The industry's strategy of contesting the reporting rule in court has clearly backfired. The gun industry has enthusiastically joined the National Rifle Association in denying that U.S. gun dealers are a primary source of guns for the Mexican cartels. Ironically, the industry's own lawsuit has given the government an opportunity to present the full range of evidence that the cartels are arming themselves with American guns, evidence the industry was unable to overcome.
For example, Judge Collyer cited a General Accountability Office report concluding that a "large proportion of the firearms fueling Mexican drug violence originated in the United States, including a growing number of increasingly lethal weapons." Judge Collyer relied on actual crime gun traces indicating that over 20,000 firearms seized by Mexican authorities and traced between 2004 and 2008 originated in the United States, mostly from the border states. This is likely a vast undercount since not all crime guns seized in Mexico are traced. Contrary to the gun lobby' s denial of reality, Judge Collyer found that "the states bordering Mexico have been shown to be major sources of guns related to crime in Mexico."

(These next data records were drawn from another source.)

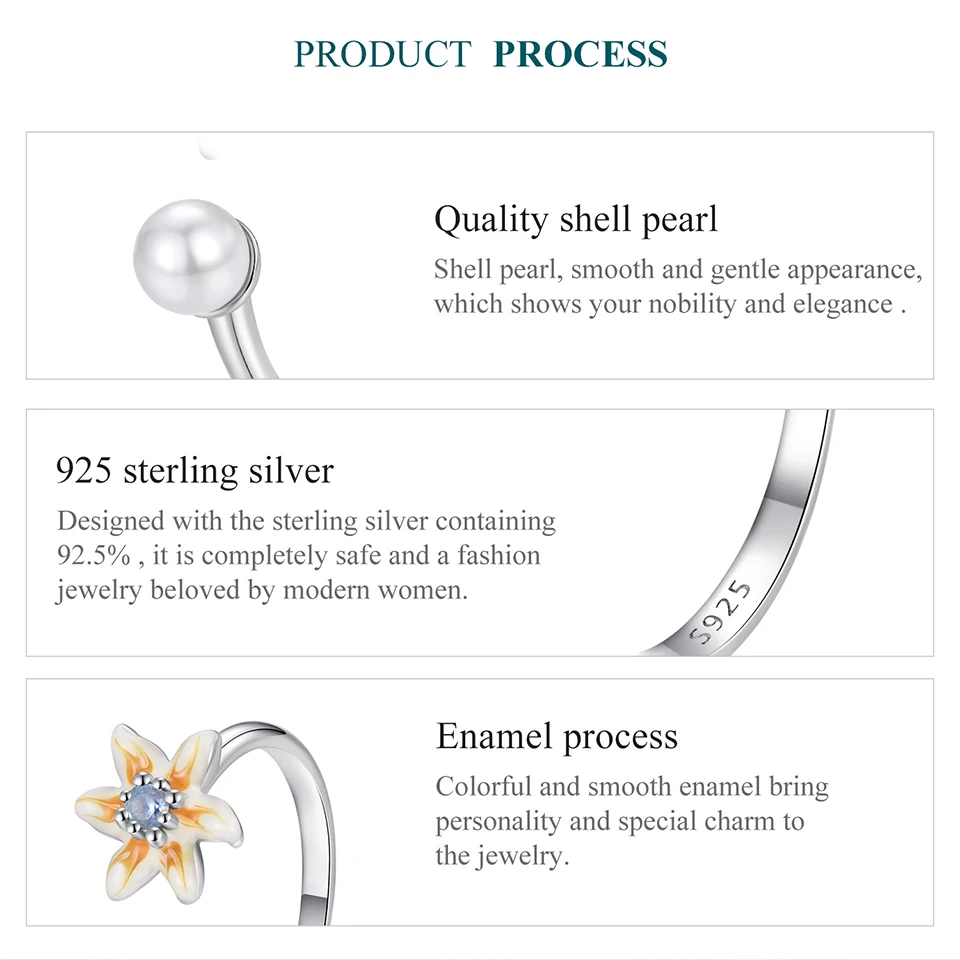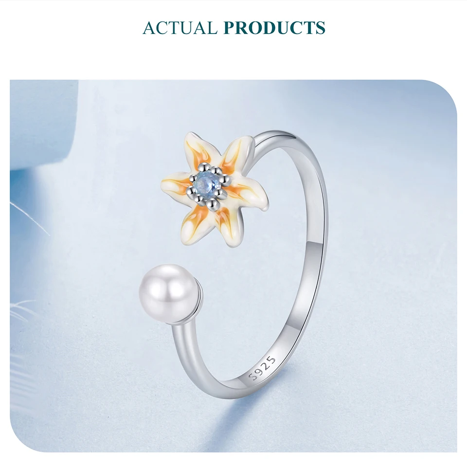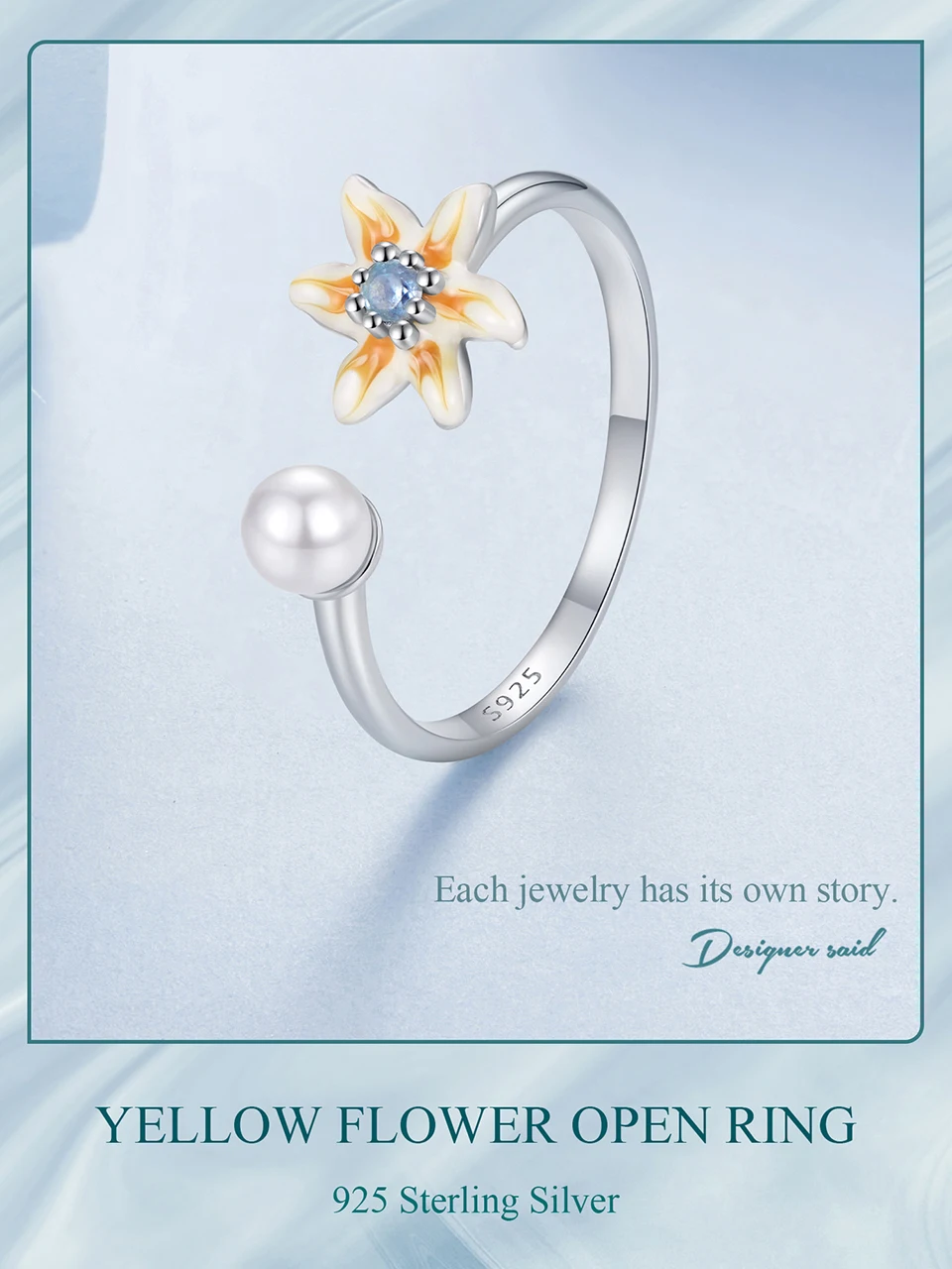 Fine or Fashion: 925 Sterling Silver Spring Flower Adjustable Open Ring for Women
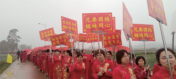 活動當(dāng)天,歡快喜慶的音樂在村里回蕩,伴隨著鞭炮聲和鑼鼓聲,410多名外嫁女身著鮮艷旗袍,或手撐油紙傘、高舉標語,或肩挑禮擔(dān),她們帶著幸福的笑容,在醒獅隊的引領(lǐng)下回到熟悉的家鄉(xiāng)。沿途鄉(xiāng)親們夾道歡迎,大家紛紛拿出手機記錄下這溫馨和熱鬧的一幕,共同感受濃厚的團圓氛圍。
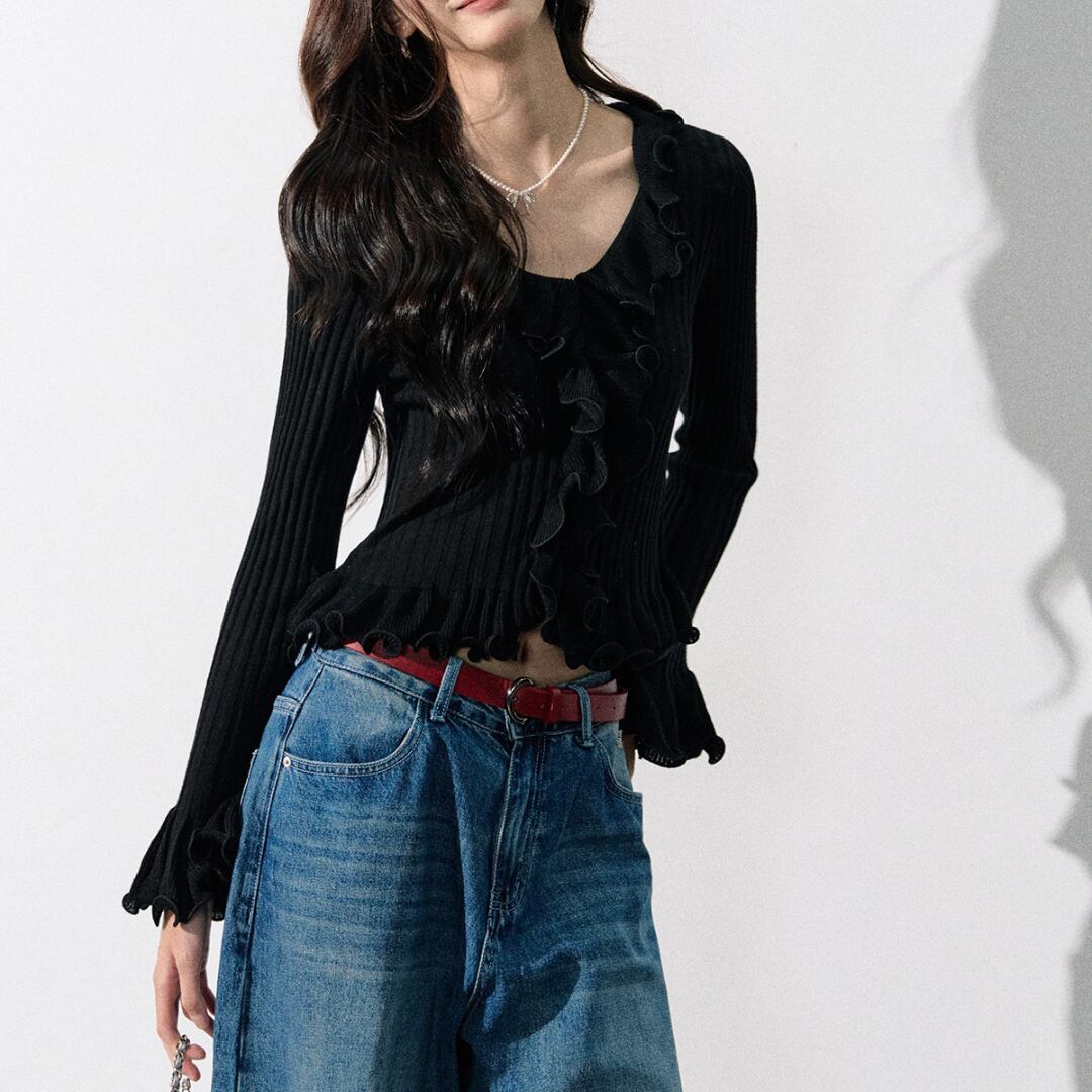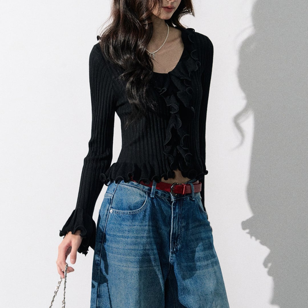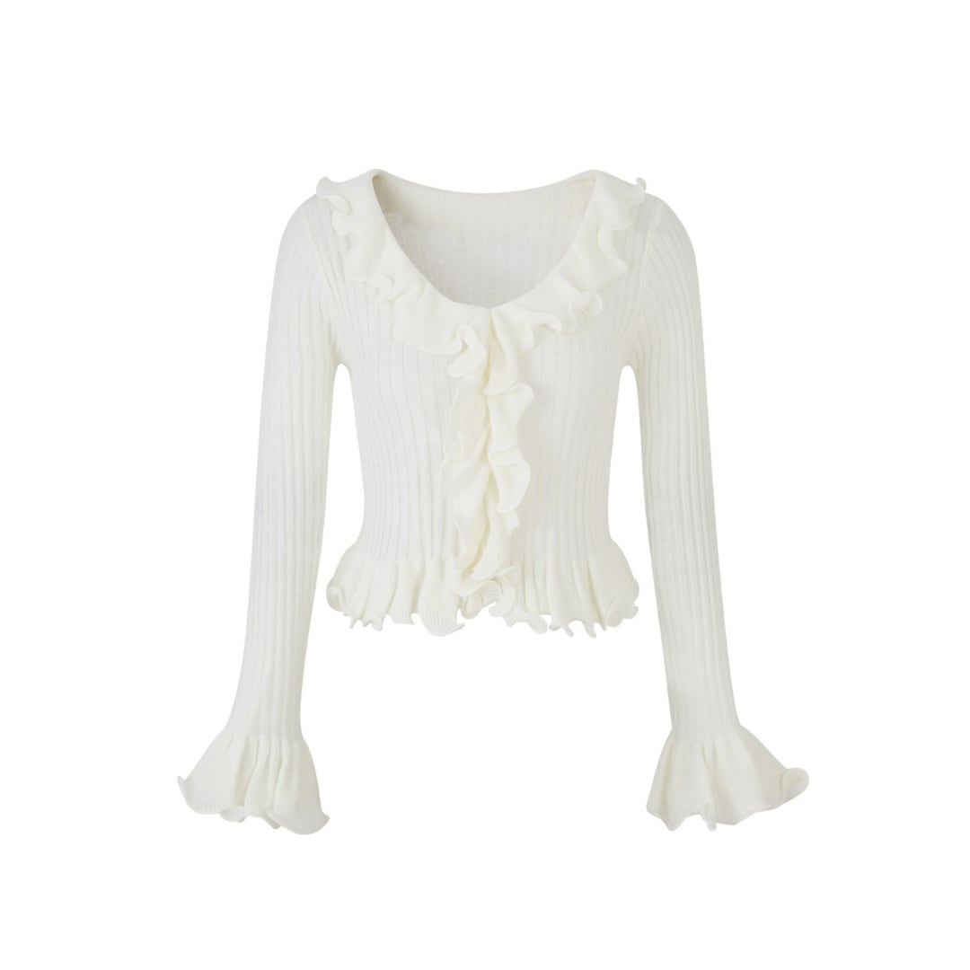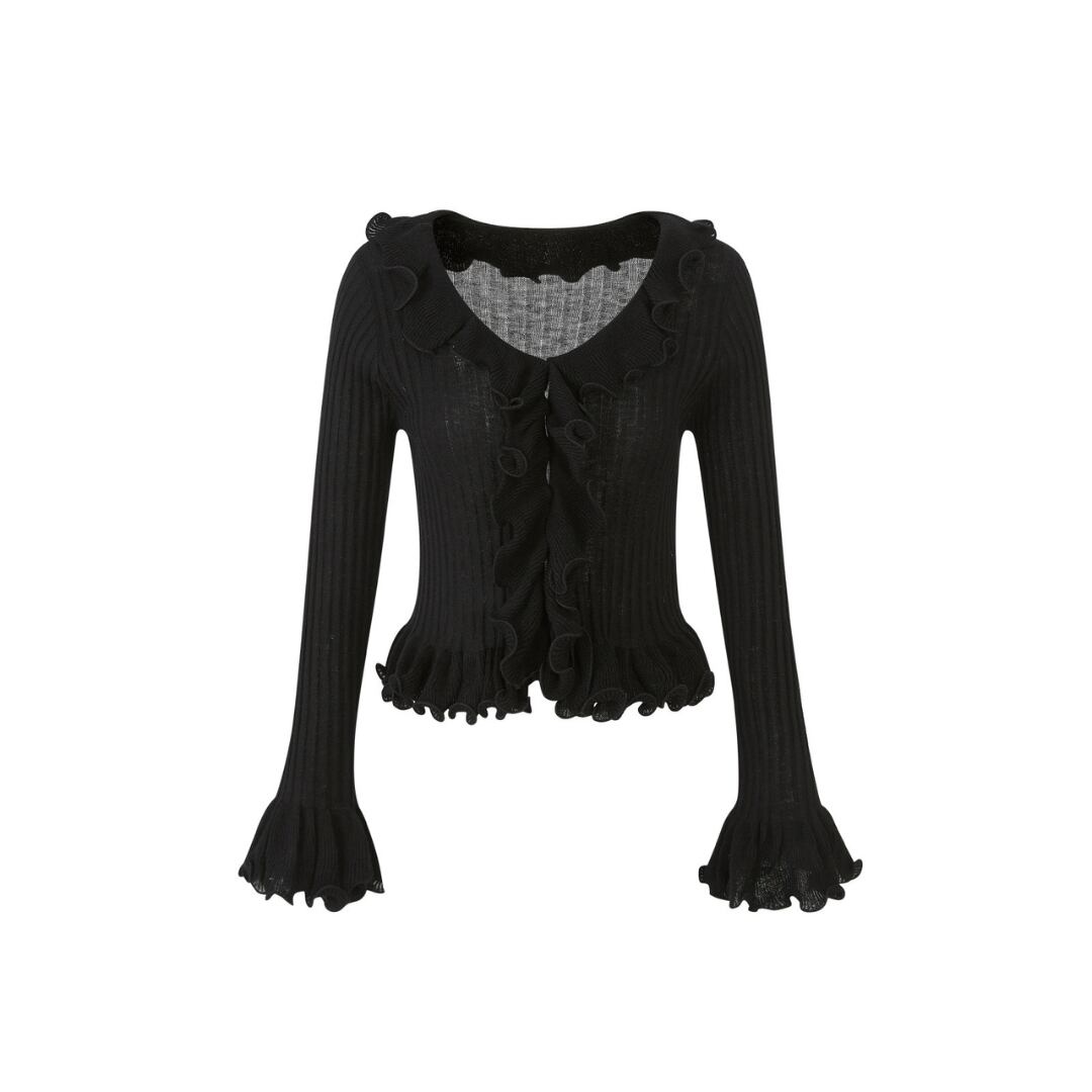 繊細なフリルディテールが印象的な、上品なリブニットカーディガン。柔らかなニット素材と女性らしいシルエットが調和し、落ち着きのある大人の装いを演出します。
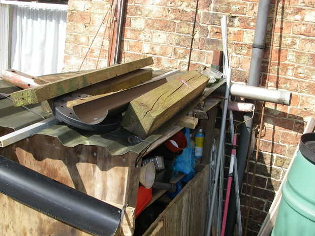 Estos jardines de plataforma están apoyado contra la valla en mi pequeño jardín urbano. Utilizo el interior espacio entre la tela jardinería 2 x 4 y grapa a la madera para crear una jardinera casi oculto, de aspecto rústico a mi espacio exterior.Usar

Indeed, the gun lobby has so distanced itself from reality on the issue of gun trafficking to Mexico that it now claims that the ATF's misguided "Fast and Furious" operation, in which ATF allowed some 2,000 guns to move from the U.S. to the cartels in an effort to get at cartel leaders, was itself a conspiracy to justify the rifle reporting rule. In the paranoid universe of the gun lobby, there was no trafficking of guns to Mexico until ATF authorized it during the Obama Administration to justify more gun restrictions.
This absurd theory struggles to explain the fact that the Bush Administration used similarly flawed tactics to combat the tidal wave of guns moving to Mexico long before the "Fast and Furious" operation was implemented. Given that "Fast and Furious" has come under fire because ATF may have allowed guns to "walk" into Mexico, it is odd that the NRA and the gun industry would object to a reporting requirement that would enable ATF to better stop trafficked guns before they get to the border.
Let's face it. Although there are some gun dealers responsible enough to voluntarily inform the authorities about suspicious transactions, the industry is dominated by manufacturers, distributors and retailers who profit so handsomely from high-volume sales to traffickers that they will fight any serious effort to curtail them. In Judge Collyer's ruling, the industry's hypocrisy is laid bare for all to see.
Dennis Henigan is the Acting President of the Brady Campaign to Prevent Gun Violence and the author of Lethal Logic: Exploding the Myths That Paralyze American Gun Policy (Potomac Books 2009).